Regioselective Doping into Atomically Aligned Core–Shell Structures for Electrocatalytic Reduction of Nitrate to Ammonia

Abstract The electrochemical nitrate reduction reaction (NO 3 − RR) presents an environmentally friendly approach for efficient NO 3 − pollutant removal and ammonia (NH 3 ) production, compared to the conventional Haber–Bosch approach. While core/shell engineering has demonstrated its potential in enhancing NO 3 − RR performance, significant synthetic challenges and limited shell layer modification capabilities impede the exploration of high‐performance NO 3 − RR core/shell catalysts. Herein, CuCoO/Co(OH) 2 core/shell structure via in situ electrochemical activation is synthesized.

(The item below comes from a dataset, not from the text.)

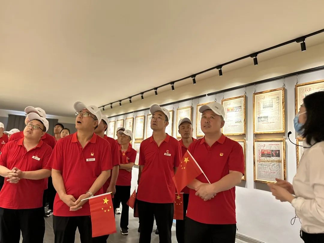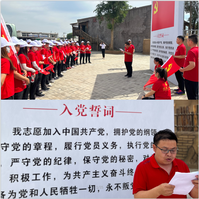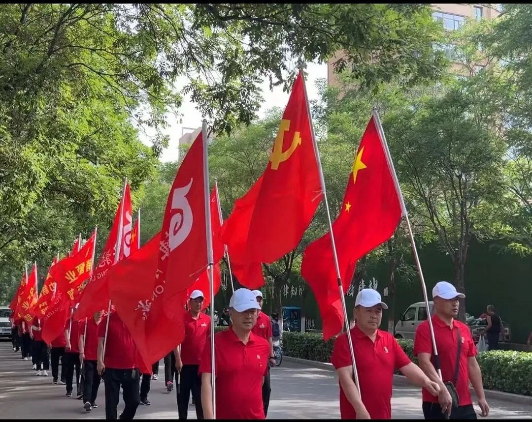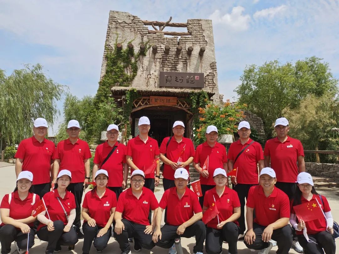 7月1日清晨,六十多名党员包括积极分子、重点培养对象身着统一的服装在公司门前集结,手举鲜红的旗帜,迎着朝阳,绕九原区廉政广场徒步一圈,随即出发前往黄河谣。

The catalyst delivers a maximum NH 3 Faradaic efficiency (FE) of 94.7% at −0.5 V RHE with excellent durability and selectivity for NH 3 over a wide range of potentials in NO 3 − RR, surpassing the electrocatalytic performance of both undoped shell and core components. The outstanding performance Cu─CoO/Co(OH) 2 is ascribed to the enhanced charge transfer, stabilization of key reaction intermediates, and regulation of hydrogen adsorption over Cu‐doped core/shell structure. Furthermore, the assembled Zn−NO 3 − battery device attains a peak current density exceeding 32 mA cm −2 and an NH 3 yield of up to 145.4 µmol h −1 cm −2 . The work offers a novel core/shell engineering strategy in electrocatalytic NO 3 − RR and sheds light on the doping effects on the electrochemical NH 3 synthesis.